(Data excerpts begins)

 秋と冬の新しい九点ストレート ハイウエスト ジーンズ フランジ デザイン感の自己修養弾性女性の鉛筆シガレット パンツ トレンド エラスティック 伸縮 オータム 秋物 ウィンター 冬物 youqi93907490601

(Data excerpts ends)
(Data excerpts begins)

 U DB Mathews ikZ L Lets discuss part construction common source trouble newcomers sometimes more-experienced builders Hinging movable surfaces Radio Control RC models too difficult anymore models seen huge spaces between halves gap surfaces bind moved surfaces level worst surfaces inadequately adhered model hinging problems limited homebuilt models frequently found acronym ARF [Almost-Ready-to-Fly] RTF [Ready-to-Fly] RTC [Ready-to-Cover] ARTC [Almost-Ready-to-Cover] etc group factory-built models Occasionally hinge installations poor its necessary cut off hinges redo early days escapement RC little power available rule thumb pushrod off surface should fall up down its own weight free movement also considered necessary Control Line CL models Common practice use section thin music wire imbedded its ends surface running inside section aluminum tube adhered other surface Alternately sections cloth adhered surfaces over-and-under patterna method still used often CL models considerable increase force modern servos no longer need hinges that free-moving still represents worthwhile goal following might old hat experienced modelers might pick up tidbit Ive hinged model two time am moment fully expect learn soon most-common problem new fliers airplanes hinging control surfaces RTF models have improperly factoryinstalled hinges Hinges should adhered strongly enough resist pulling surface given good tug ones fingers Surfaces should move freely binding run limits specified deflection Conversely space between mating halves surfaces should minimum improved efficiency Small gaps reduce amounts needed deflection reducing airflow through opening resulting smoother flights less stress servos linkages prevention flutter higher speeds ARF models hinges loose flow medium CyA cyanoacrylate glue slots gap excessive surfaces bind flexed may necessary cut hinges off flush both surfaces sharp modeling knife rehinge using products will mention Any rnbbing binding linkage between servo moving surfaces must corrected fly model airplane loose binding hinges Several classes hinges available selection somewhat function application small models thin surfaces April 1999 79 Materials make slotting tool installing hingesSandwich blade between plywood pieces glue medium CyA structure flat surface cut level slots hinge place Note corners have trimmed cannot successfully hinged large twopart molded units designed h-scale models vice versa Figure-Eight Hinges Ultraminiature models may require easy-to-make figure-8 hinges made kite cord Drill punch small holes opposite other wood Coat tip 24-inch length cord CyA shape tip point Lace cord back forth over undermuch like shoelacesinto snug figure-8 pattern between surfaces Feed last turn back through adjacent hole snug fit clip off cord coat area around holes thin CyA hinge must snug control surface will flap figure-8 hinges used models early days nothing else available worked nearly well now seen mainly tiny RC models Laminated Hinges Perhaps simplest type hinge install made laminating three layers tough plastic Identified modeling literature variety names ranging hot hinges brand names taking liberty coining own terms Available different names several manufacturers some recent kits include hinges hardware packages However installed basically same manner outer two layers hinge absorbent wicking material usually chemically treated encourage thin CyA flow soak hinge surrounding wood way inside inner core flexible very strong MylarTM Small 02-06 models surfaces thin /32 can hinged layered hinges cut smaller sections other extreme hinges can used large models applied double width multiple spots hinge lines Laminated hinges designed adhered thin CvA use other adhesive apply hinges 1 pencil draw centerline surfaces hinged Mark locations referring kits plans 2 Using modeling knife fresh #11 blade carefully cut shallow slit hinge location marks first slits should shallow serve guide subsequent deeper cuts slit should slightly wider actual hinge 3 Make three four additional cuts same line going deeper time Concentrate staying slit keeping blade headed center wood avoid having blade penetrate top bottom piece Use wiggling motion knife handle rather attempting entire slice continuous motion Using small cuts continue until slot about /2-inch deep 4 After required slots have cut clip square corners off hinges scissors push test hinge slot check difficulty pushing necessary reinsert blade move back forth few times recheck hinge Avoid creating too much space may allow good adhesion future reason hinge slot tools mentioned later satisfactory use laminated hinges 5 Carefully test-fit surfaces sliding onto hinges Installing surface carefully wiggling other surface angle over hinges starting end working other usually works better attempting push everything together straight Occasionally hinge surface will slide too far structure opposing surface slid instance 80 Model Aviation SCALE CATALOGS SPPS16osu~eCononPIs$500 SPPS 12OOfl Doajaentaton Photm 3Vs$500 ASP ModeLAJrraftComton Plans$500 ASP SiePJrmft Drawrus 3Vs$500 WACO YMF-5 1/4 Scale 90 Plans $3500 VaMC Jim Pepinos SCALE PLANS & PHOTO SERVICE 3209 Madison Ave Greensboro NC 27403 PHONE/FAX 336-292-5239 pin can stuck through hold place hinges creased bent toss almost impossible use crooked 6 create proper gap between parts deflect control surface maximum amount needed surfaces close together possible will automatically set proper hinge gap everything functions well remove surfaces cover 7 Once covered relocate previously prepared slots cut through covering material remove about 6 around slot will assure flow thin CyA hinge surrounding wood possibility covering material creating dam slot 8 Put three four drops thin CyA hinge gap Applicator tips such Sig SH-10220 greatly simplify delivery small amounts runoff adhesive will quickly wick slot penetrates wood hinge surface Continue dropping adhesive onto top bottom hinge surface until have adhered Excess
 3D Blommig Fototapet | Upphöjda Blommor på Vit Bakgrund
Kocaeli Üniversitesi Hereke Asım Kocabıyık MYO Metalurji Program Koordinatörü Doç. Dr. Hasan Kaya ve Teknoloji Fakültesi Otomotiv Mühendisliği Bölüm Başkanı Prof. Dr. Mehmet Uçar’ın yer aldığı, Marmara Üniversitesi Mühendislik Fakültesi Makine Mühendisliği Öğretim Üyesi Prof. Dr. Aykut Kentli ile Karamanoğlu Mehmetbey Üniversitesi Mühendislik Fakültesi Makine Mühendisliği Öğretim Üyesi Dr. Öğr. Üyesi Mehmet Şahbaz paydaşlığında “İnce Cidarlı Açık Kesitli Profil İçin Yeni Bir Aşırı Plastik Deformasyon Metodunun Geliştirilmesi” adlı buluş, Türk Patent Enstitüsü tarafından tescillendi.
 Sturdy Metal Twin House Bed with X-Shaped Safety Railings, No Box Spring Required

(Data excerpts ends)

Looking at the records above, return exactly the lines from the line with "Kocaeli Üniversitesi Hereke" to the line with "Sturdy Metal Twin", both ends included.

▶ **Worked solution**:
Kocaeli Üniversitesi Hereke Asım Kocabıyık MYO Metalurji Program Koordinatörü Doç. Dr. Hasan Kaya ve Teknoloji Fakültesi Otomotiv Mühendisliği Bölüm Başkanı Prof. Dr. Mehmet Uçar’ın yer aldığı, Marmara Üniversitesi Mühendislik Fakültesi Makine Mühendisliği Öğretim Üyesi Prof. Dr. Aykut Kentli ile Karamanoğlu Mehmetbey Üniversitesi Mühendislik Fakültesi Makine Mühendisliği Öğretim Üyesi Dr. Öğr. Üyesi Mehmet Şahbaz paydaşlığında “İnce Cidarlı Açık Kesitli Profil İçin Yeni Bir Aşırı Plastik Deformasyon Metodunun Geliştirilmesi” adlı buluş, Türk Patent Enstitüsü tarafından tescillendi.
 Sturdy Metal Twin House Bed with X-Shaped Safety Railings, No Box Spring Required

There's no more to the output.